Boeing to Pay $380K to Settle Sex Discrimination Cases

February 2, 2010 (PLANSPONSOR.com) – Aerospace manufacturer The Boeing Company has agreed to pay $380,000 to settle two separate sex discrimination lawsuits filed on behalf of female employees at its Mesa, Arizona, facility.

The U.S. Equal Employment Opportunity Commission (EEOC) said in a news release that in one case, Antonia Castron alleged sexist remarks created a hostile environment and, when she complained about it, she was transferred to an ill-fitting job and laid off two months later.

Meanwhile, according to the EEOC, manufacturing engineer Renee Wrede twice complained of sex-based harassment, and twice Boeing’s internal investigators substantiated her complaints. Nonetheless, according to the EEOC, the company allowed her harassers to influence her layoff evaluations and reduce her scores.
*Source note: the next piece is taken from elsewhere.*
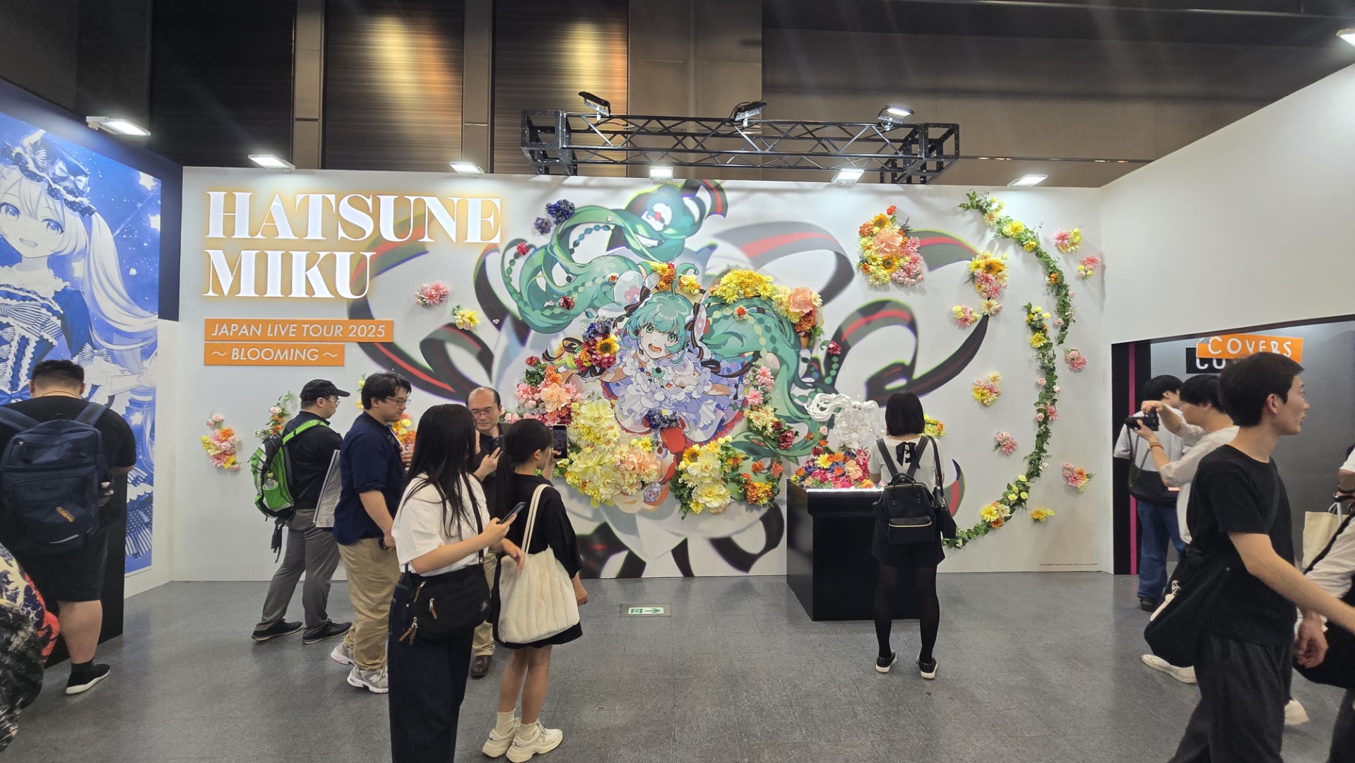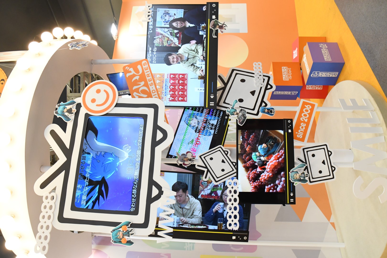 一進門口就能看到好幾個螢幕,播放著NICONICO上初音早期的VOCALOID殿堂曲
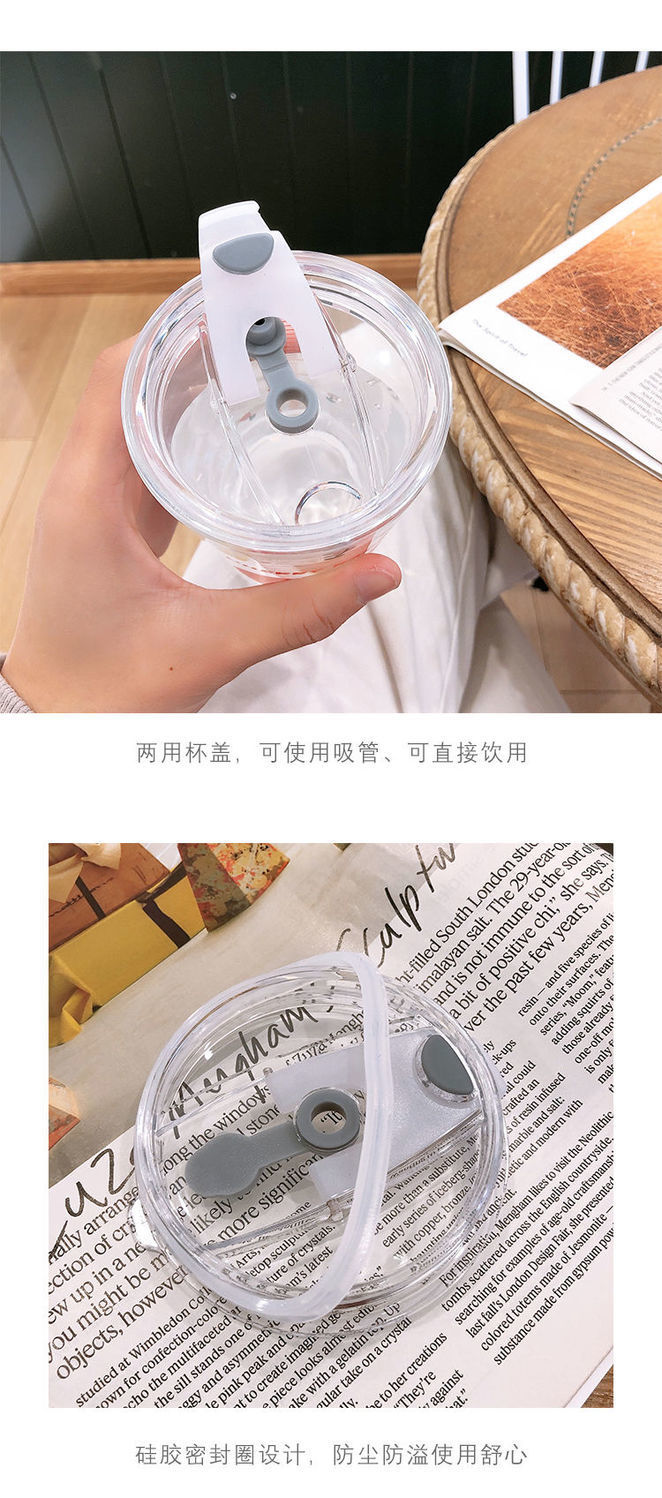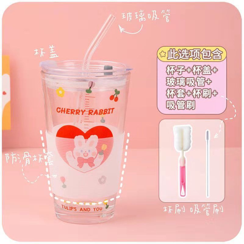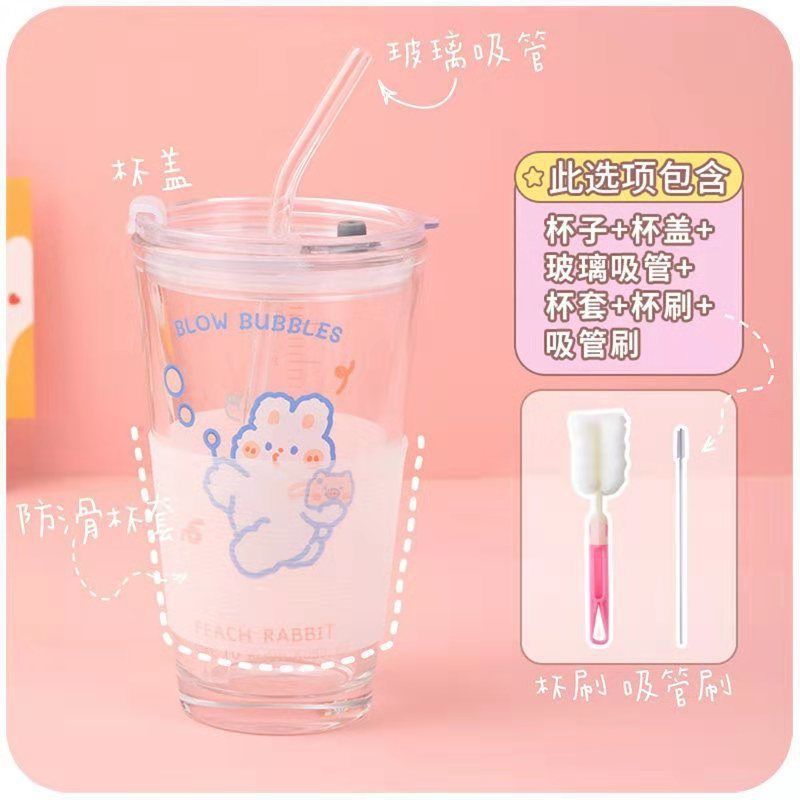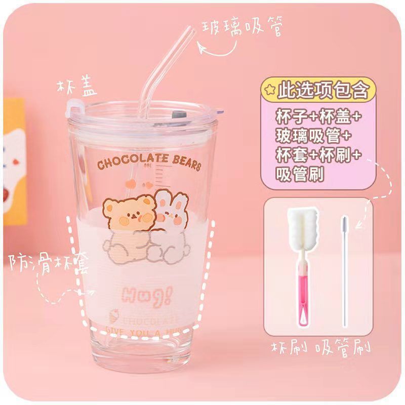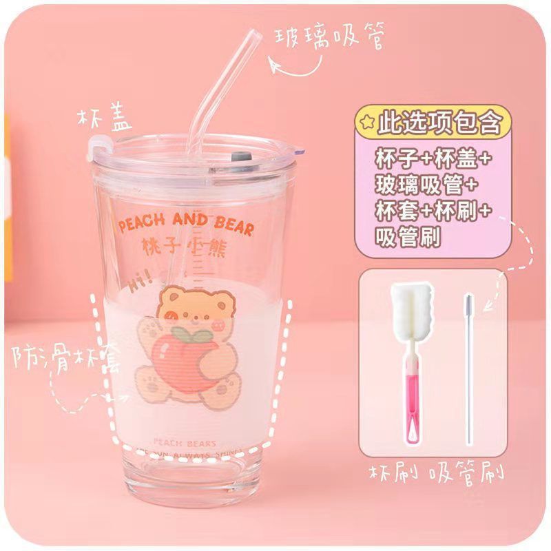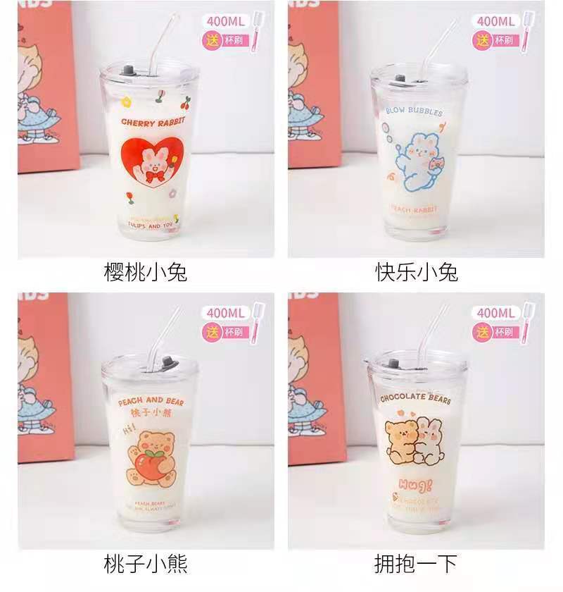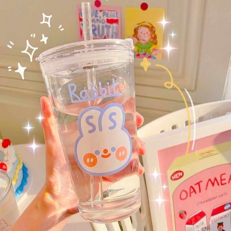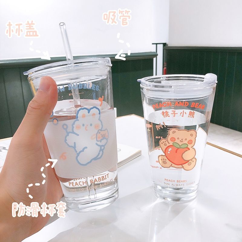 스타일 뚜껑과 빨대 소녀의 여름 물 컵 가정용 우유 아침 식사 휴대용 우유 차 컵과 귀여운 유리스토어 가기

As a result, Wrede also received a layoff notice in October 2002. The EEOC’s investigation showed that Boeing manipulated evaluation scores used in its October 2002 reduction in force to justify the terminations of Wrede and Castron, according to the EEOC news release.

“An employer is only setting itself up for more trouble when it punishes a worker for exercising her right to complain about unlawful activity in the workplace,” said EEOC Acting Chairman Stuart J. Ishimaru, in the news release. “The EEOC is always especially concerned when we uncover this kind of unlawful retaliation. It chills witnesses and victims from reporting illegal discrimination at work, and therefore interferes dangerously with the Commission’s law enforcement efforts.” 

In an earlier lawsuit, the EEOC sought relief on behalf of Kelley Miles, a female mechanic at the Mesa facility, who works on the Apache helicopter that Boeing manufactures for the U.S. Army. The EEOC charged that Boeing allowed Miles’ co-workers to harass her on an ongoing basis due to her gender and allowed one or more managers to contribute to that harassment without taking appropriate steps to address the behavior.

According to the Miles suit, male co-workers took Miles’ tools and either broke them, hid them, or changed the adjustments before returning them. Other harassment was sexual in nature. Miles reported this conduct to Boeing’s Human Resources Department, but the company did nothing to address it. As a result, the harassment continued, the EEOC said.